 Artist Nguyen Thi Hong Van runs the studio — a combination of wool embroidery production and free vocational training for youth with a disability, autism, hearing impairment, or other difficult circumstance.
# # # #
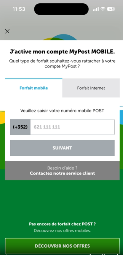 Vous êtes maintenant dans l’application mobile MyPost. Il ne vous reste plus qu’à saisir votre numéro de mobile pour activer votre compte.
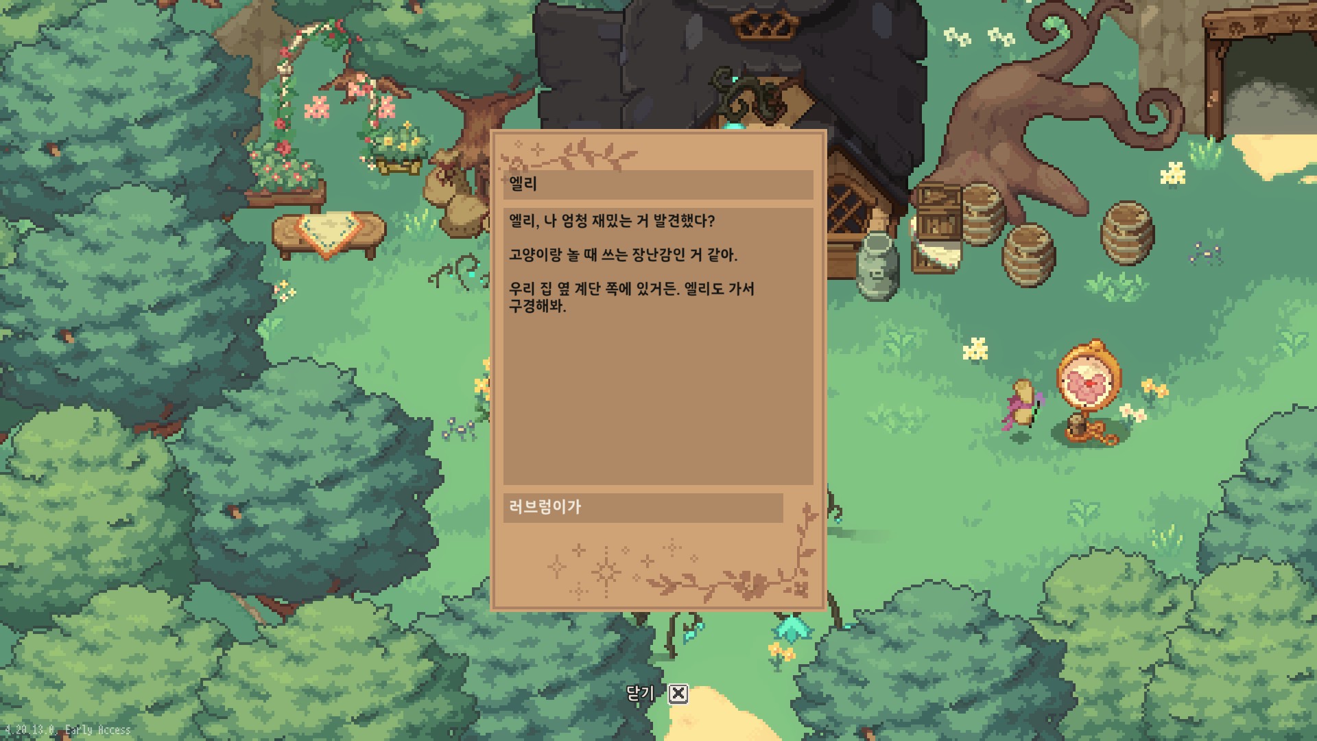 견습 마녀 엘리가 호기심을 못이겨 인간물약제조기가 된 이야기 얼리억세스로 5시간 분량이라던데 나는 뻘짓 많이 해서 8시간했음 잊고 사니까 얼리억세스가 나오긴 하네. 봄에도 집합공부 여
# # # #
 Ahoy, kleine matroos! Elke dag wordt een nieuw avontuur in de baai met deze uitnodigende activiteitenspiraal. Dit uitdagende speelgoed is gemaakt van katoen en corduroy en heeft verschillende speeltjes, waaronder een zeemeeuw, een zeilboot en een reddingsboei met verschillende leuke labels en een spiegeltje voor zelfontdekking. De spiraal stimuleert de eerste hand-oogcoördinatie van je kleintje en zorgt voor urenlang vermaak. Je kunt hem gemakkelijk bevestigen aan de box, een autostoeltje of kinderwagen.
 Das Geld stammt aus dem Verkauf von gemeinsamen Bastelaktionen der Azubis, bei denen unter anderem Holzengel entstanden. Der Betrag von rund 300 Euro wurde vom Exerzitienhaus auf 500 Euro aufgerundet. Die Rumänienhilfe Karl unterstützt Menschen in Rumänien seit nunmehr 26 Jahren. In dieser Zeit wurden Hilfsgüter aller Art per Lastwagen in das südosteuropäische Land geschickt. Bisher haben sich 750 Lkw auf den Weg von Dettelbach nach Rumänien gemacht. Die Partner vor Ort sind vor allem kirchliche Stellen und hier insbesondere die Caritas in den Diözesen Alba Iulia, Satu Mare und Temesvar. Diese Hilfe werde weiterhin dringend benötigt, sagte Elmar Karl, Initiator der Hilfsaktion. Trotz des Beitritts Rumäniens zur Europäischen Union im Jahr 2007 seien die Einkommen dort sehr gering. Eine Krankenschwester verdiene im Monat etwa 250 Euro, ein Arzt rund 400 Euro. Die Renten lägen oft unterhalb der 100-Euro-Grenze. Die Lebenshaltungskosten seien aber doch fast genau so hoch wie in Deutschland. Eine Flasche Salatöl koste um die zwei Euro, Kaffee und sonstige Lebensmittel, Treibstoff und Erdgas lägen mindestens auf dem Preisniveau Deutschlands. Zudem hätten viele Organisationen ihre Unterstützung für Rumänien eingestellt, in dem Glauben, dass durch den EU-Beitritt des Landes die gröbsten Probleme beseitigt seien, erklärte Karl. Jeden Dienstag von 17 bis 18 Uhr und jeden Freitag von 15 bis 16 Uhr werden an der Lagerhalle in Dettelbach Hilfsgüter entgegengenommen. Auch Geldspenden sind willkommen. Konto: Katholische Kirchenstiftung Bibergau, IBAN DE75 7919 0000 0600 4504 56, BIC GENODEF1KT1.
# # # #
**ABOUT THIS TASK**:
What belongs in the answer is each line above from the line with "Vous êtes maintenant" to the line with "견습 마녀 엘리가 호기심을", inclusive, reproduced exactly and free of pictures.

**EXERCISE SOLUTION**:
 Vous êtes maintenant dans l’application mobile MyPost. Il ne vous reste plus qu’à saisir votre numéro de mobile pour activer votre compte.
 견습 마녀 엘리가 호기심을 못이겨 인간물약제조기가 된 이야기 얼리억세스로 5시간 분량이라던데 나는 뻘짓 많이 해서 8시간했음 잊고 사니까 얼리억세스가 나오긴 하네. 봄에도 집합공부 여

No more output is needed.